### Source material
------------
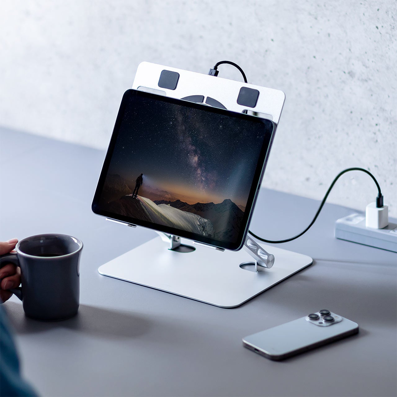 角度と高さを無段階調整可能な高性能スタンドを採用しており、
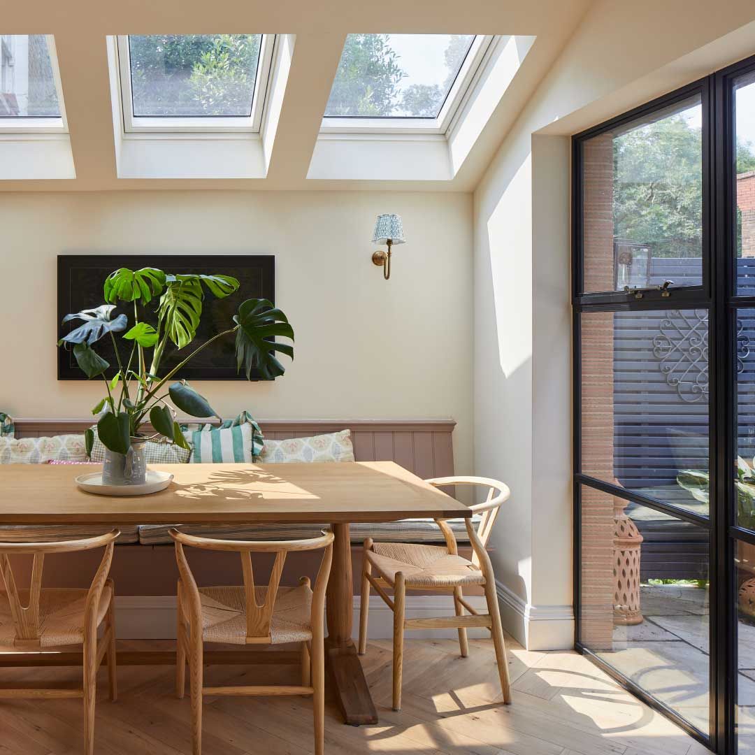 The glazed roof over the kitchen transforms into a double-pitched space, providing a warm and tranquil ambiance to the family dining and seating area while offering a picturesque view of the garden.
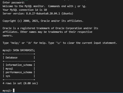 sudo mysql -u root -p
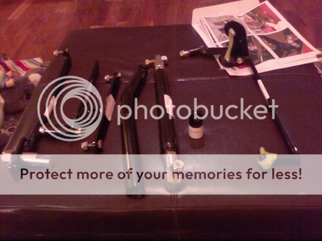 Here are the bike mount points and struts that go b/t the mount points on the bike and the mount points on the sidecar. The instructions are in the upper RH corner. Just pictures. NO WORDS whatsoever. That made it interesting. I had to drill some holes and take some stuff apart, but figuring that out was a process of elimination, swearing, and asking myself, this part must go somewhere ... if I was designing the mount, what would I have done. Ugh ... just a few words could have saved TONS of time.
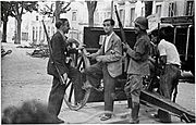During the Spanish Civil War, while living in Barcelona, Ascaso would form the Antifascist Militias Committee.[2] Ascaso alongside Durruti and the CNT would attack army depots and the prison ship Uruguay with home-made grenades and improvised armoured cars.[7] Ascaso was one of the 500 to die in the assault of Atarazanas barracks.[2][8] Ascaso was buried in Montjuïc Cemetery alongside Durruti.[9]
------------
### Instructions to follow
Quote the records above exactly, from the first line through the line containing "sudo mysql -u root -p", and leave out the pictures.

### Completed exercise
 角度と高さを無段階調整可能な高性能スタンドを採用しており、
 The glazed roof over the kitchen transforms into a double-pitched space, providing a warm and tranquil ambiance to the family dining and seating area while offering a picturesque view of the garden.
 sudo mysql -u root -p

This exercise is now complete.